Rust remover seems like a good idea. Bar Keepers Friend works well at that.

Another idea is to install some shrubs along the foundation. Hide the stain. Have to keep them watered though, which may present a problem...


----------



## mattech (Jun 4, 2016)

Awesome. Thanks y'all.ill give that a try. Also, I have planted shrubs and will be spreading pinestraw this weekend.


----------



## Killdee (Jun 4, 2016)

Home depot sells a product that works but the name escapes me, its in the paint dept.
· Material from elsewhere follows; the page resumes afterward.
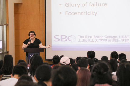 学院执行院长Laura Bishop教授以“Surviving and Thriving in a British Classroom”为题,讲解了英式教育理念、英式幽默等英国文化,她鼓励新生们在大学期间养成良好的学习生活习惯,课堂内外都要付出行动和努力,带着问题进课堂,积极与授课老师进行讨论、交换思想、进行辩论;带着问题出课堂,勇于尝试新鲜事物,积极参与校园文化活动,丰富大学生活。

I had bleached a vinyl house 1 time that sparkled but where the red mud was, put this on with a pumpsprayer and a little scrubbing the stubborn spots.


----------



## shakey gizzard (Jun 4, 2016)

Zep! http://forum.gon.com/showthread.php?t=640200


----------



## north_ga fireman (Jun 4, 2016)

I own a pressure washing business and have found that aluminum acid cleaner mixed 1 to 1 will take those stains off just wet it and then spray it brush lightly and rinse it.


----------



## JohnCarlson (Dec 7, 2016)

Hi there, I hope the stain must be removed now. If not, then you should try red clay stain remover which works great for removing stains from fiberglass, vinyl siding, carpet, plastic, etc. It works effectively and safely for removing stains from interior and exterior surfaces. For reselling your home, having some cleaning and little remodeling is a great idea. We too are planning to resale our home and getting some exterior home improvement done by the contractors at STB Remodeling Group. They are too using that red clay stain remover for cleaning the siding, this is why I recommended you to use this remover for effective results.


----------



## 1gr8bldr (Dec 9, 2016)

WD40? LOL, I don't know but I know someone who claims it works


----------